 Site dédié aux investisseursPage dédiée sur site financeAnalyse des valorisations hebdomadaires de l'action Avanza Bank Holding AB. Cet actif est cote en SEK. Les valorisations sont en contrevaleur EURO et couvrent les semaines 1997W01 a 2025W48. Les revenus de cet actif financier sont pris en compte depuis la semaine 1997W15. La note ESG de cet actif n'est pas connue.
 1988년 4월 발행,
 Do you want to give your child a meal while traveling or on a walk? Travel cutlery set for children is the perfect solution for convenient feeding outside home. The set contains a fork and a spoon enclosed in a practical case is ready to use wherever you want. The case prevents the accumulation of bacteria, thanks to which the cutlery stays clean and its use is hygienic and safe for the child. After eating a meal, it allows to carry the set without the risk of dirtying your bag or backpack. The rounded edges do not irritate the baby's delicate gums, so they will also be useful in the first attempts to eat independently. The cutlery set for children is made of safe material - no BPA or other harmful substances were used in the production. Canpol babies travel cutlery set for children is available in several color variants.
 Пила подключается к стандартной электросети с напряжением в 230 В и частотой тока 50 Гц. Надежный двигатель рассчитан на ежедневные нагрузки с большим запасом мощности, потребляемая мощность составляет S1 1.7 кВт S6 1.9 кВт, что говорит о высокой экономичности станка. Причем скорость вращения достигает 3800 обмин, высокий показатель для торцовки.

==

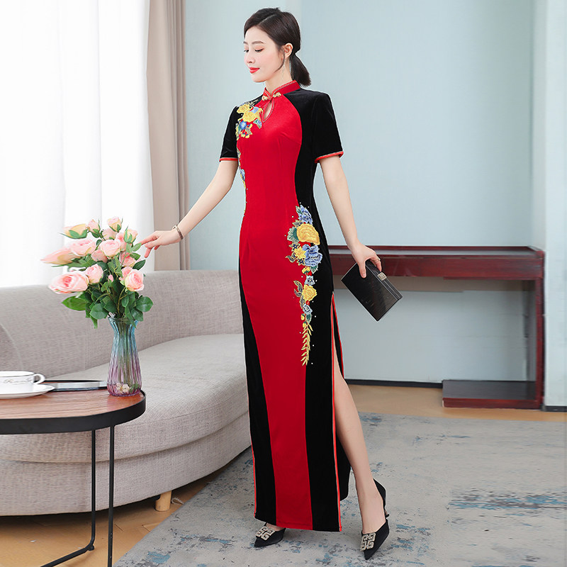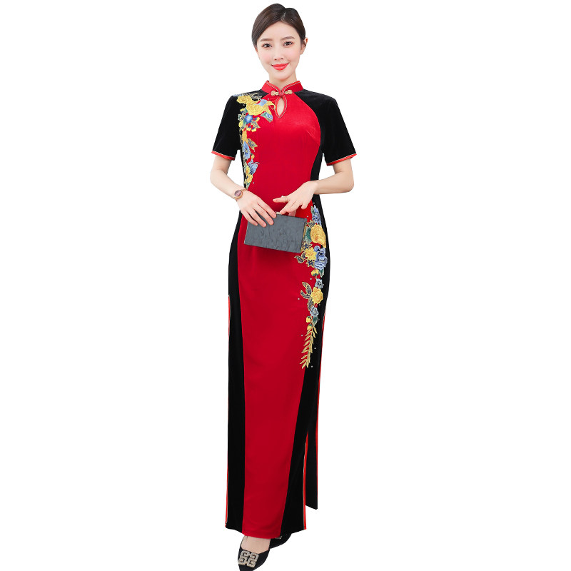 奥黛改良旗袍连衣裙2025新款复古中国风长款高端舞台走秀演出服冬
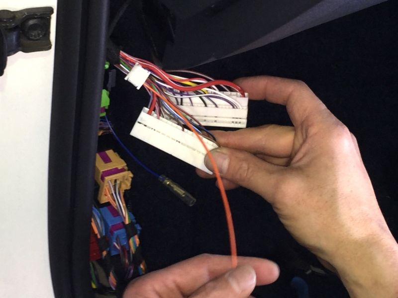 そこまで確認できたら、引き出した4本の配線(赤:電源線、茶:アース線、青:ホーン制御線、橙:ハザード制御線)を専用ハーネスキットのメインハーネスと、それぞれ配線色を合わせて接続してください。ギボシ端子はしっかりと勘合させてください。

---

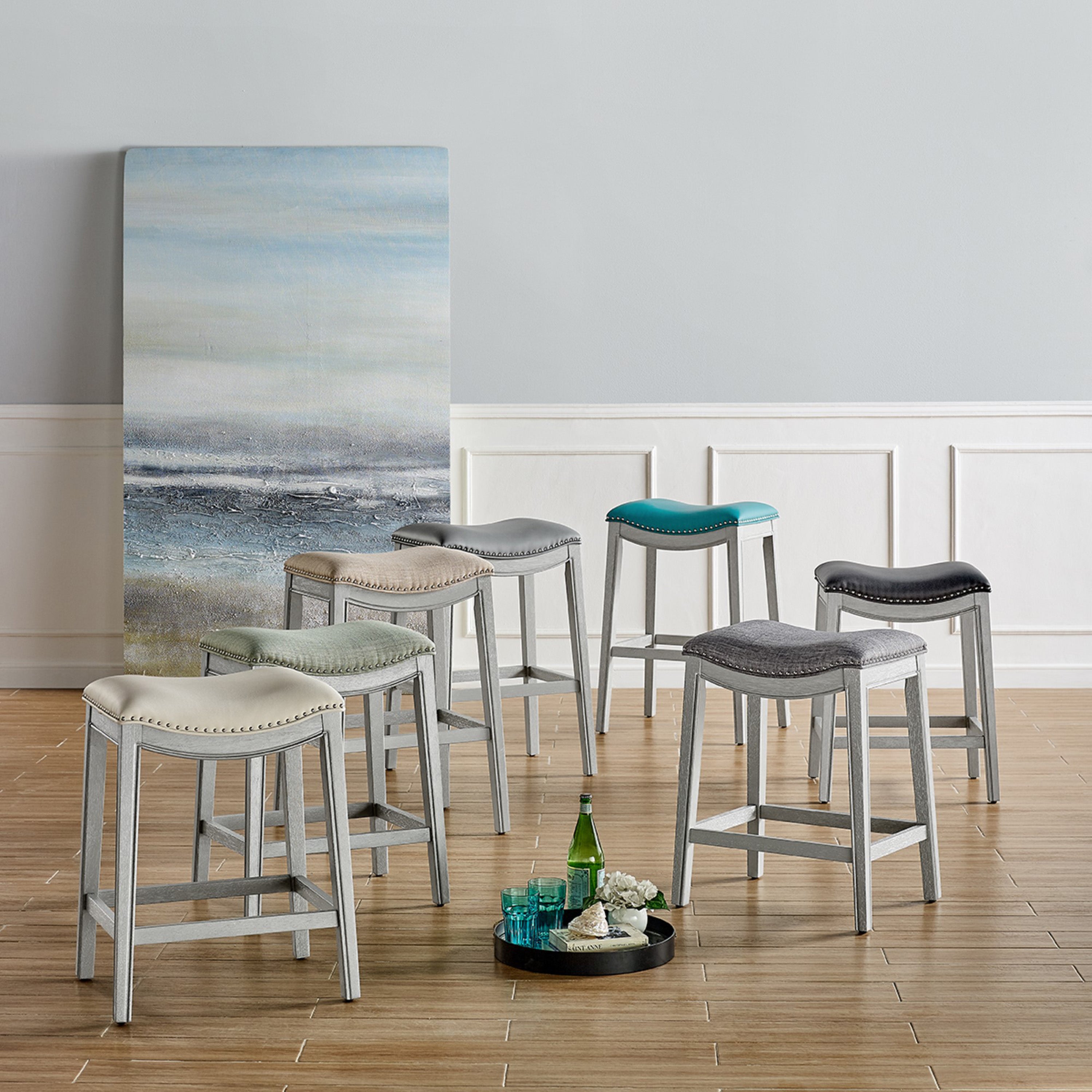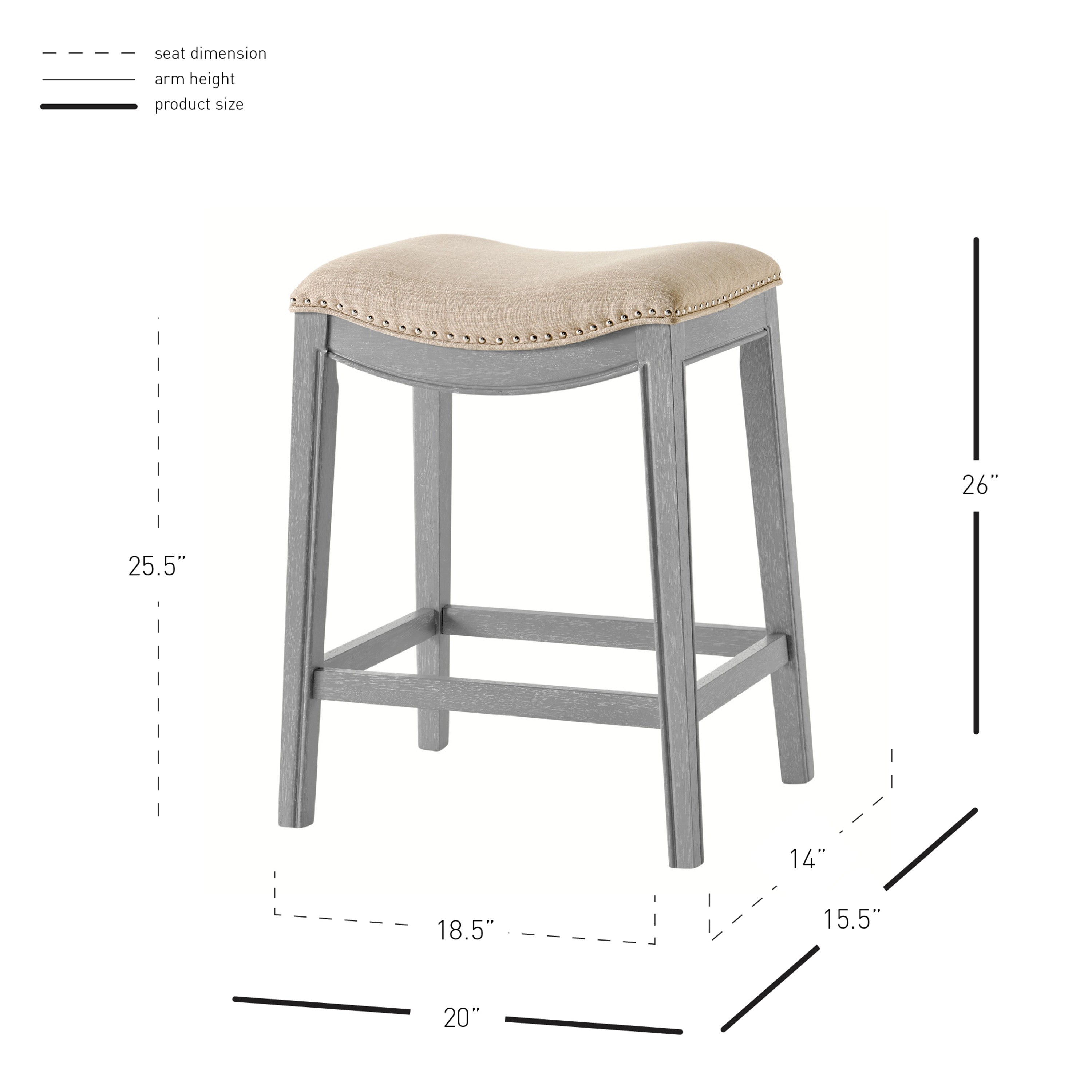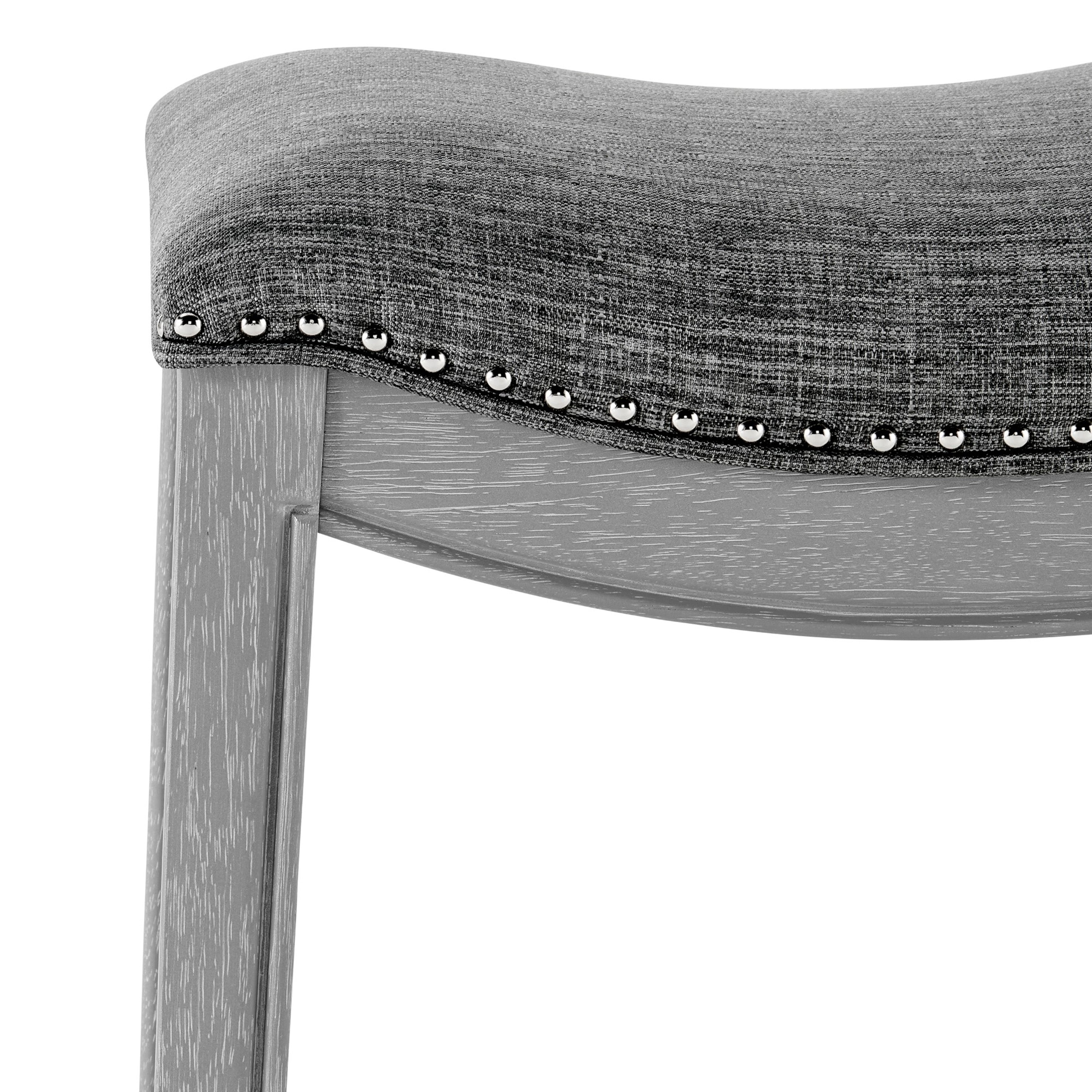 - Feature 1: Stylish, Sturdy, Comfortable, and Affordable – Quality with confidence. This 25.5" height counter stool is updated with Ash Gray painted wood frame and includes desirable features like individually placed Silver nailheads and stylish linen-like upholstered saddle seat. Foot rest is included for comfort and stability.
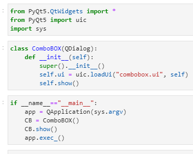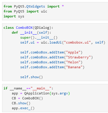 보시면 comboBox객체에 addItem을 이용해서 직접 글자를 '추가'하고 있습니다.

→ What to produce
Please reproduce exactly the lines in the listing above from the one containing "Site dédié aux" through the one containing "Do you want", both included, and nothing more.

→ Reply to the exercise
 Site dédié aux investisseursPage dédiée sur site financeAnalyse des valorisations hebdomadaires de l'action Avanza Bank Holding AB. Cet actif est cote en SEK. Les valorisations sont en contrevaleur EURO et couvrent les semaines 1997W01 a 2025W48. Les revenus de cet actif financier sont pris en compte depuis la semaine 1997W15. La note ESG de cet actif n'est pas connue.
 1988년 4월 발행,
 Do you want to give your child a meal while traveling or on a walk? Travel cutlery set for children is the perfect solution for convenient feeding outside home. The set contains a fork and a spoon enclosed in a practical case is ready to use wherever you want. The case prevents the accumulation of bacteria, thanks to which the cutlery stays clean and its use is hygienic and safe for the child. After eating a meal, it allows to carry the set without the risk of dirtying your bag or backpack. The rounded edges do not irritate the baby's delicate gums, so they will also be useful in the first attempts to eat independently. The cutlery set for children is made of safe material - no BPA or other harmful substances were used in the production. Canpol babies travel cutlery set for children is available in several color variants.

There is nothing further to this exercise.